The satellites of Jupiter are a good example of the diversity observed in this solar system, the causes of which remain obscure. Explaining this diversity requires characterization of both the satellites' present-day state, and their thermal and orbital evolution. Two particularly important parameters to characterize are heat flux and strain rate.
Flexural profiles across terrains of different ages on Ganymede can be used to obtain estimates of how the surface heat flux has varied with time. The estimated heat fluxes are considerably in excess of likely chondritic values, and estimates of recent heat fluxes on Europa. However, the heat fluxes are compatible with estimates of the transient tidal dissipation produced during Ganymede's capture into the Laplace resonance. The estimated heat fluxes also have implications for the state of Ganymede's ice shell (convecting vs. conducting), and the fact that it has a present-day dynamo.
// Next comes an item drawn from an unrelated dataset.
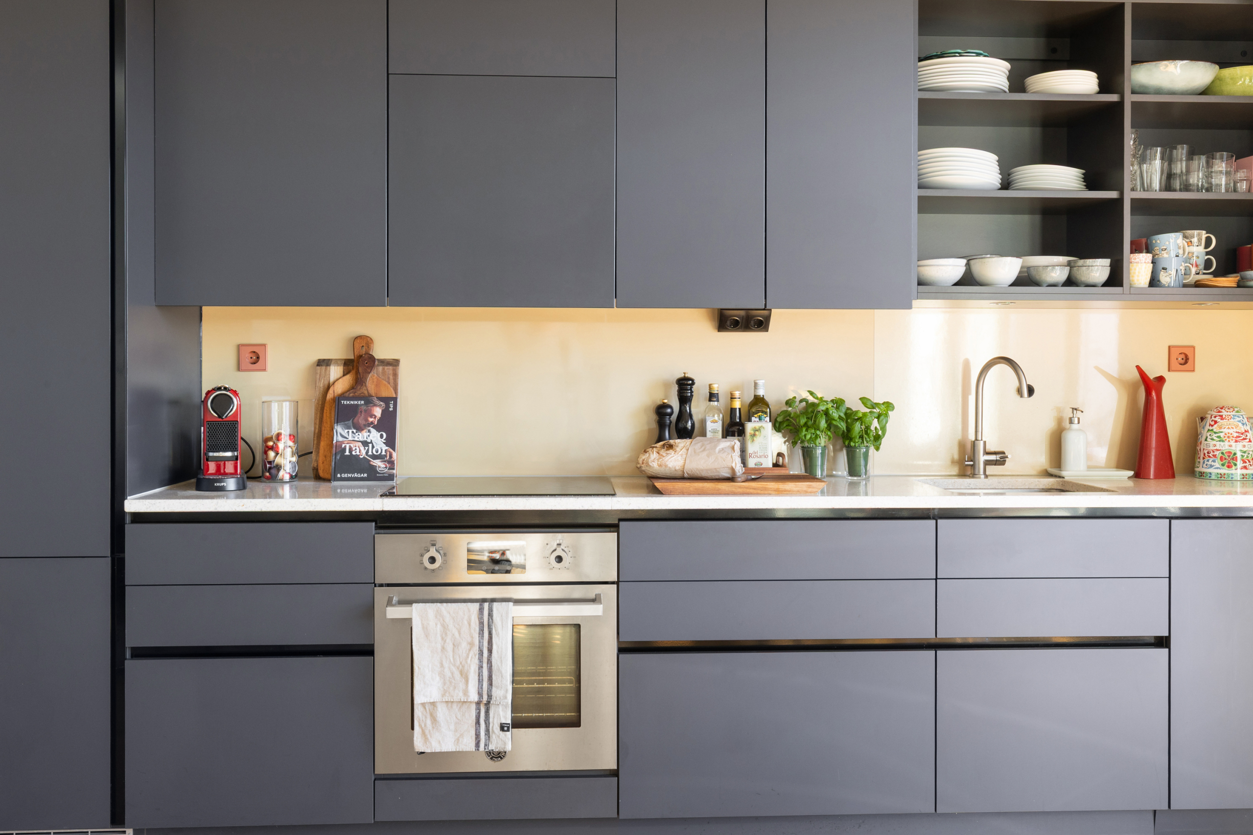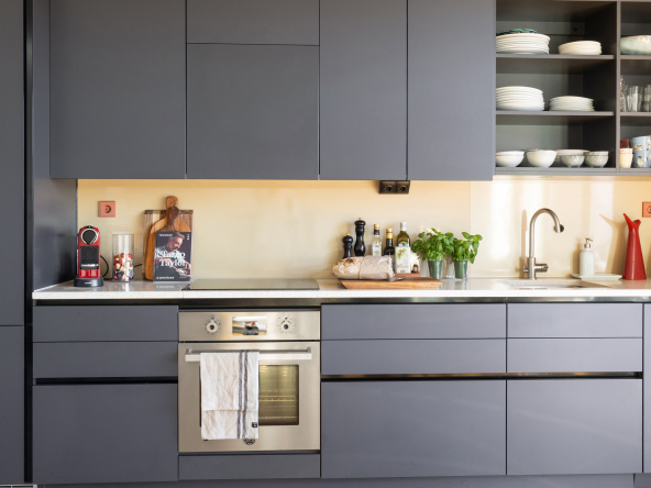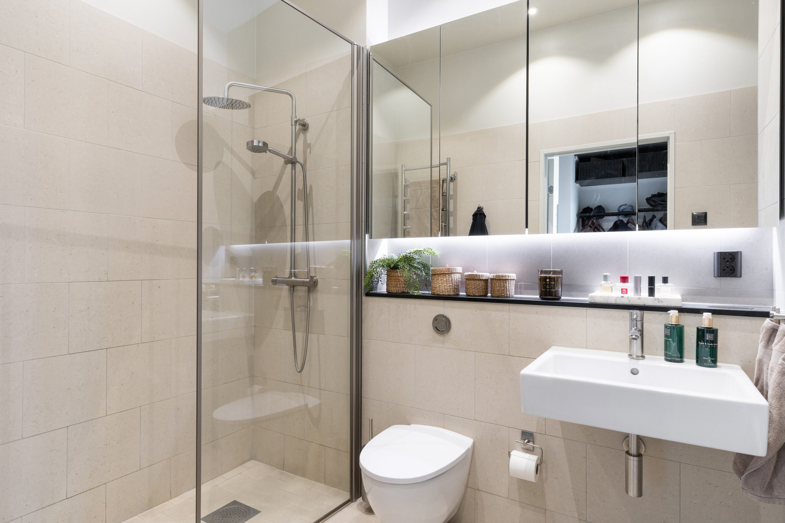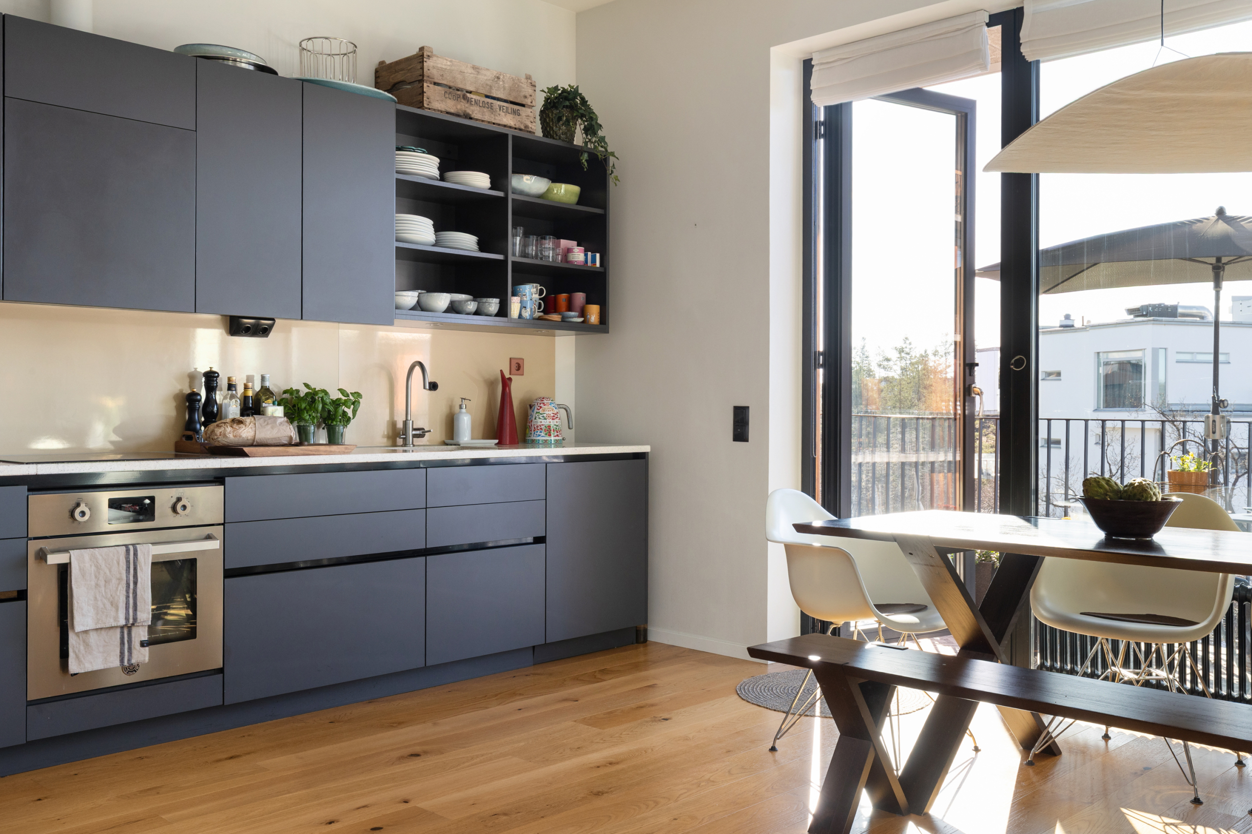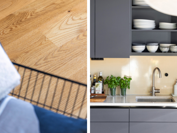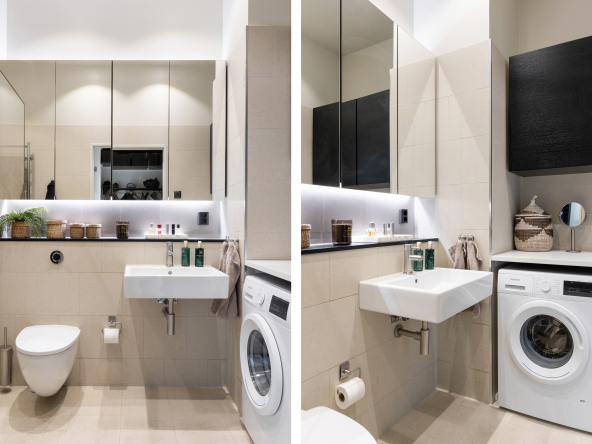 Den öppna planlösningen mellan kök och vardagsrum gör att bostaden är perfekt för att spendera de fina stunderna i vardagen med nära och kära samt att takhöjden får hemmet att kännas rymligare. Hela hemmet andas lyx med genomgående enstavsparkett, påkostat specialritat kök med bänkskiva i vit terrazzo och vitvaror från Bertazzoni, exklusivt badrum med generös förvaring.

An example of planetary diversity is that extension is accommodated in very different fashions on Europa and Ganymede. Rifts on Europa are narrow and have high stretching factors; rifts on Ganymede are broad with lower stretching factors. A simple model of extension on icy satellites demonstrates that Europa-type rifts are favoured at high strain rates or low heat fluxes, while the converse is true for Ganymede-style rifts. The Ganymede heat fluxes inferred are compatible with the results obtained above; the strain rates for Europa constrain the likely processes responsible for rifting.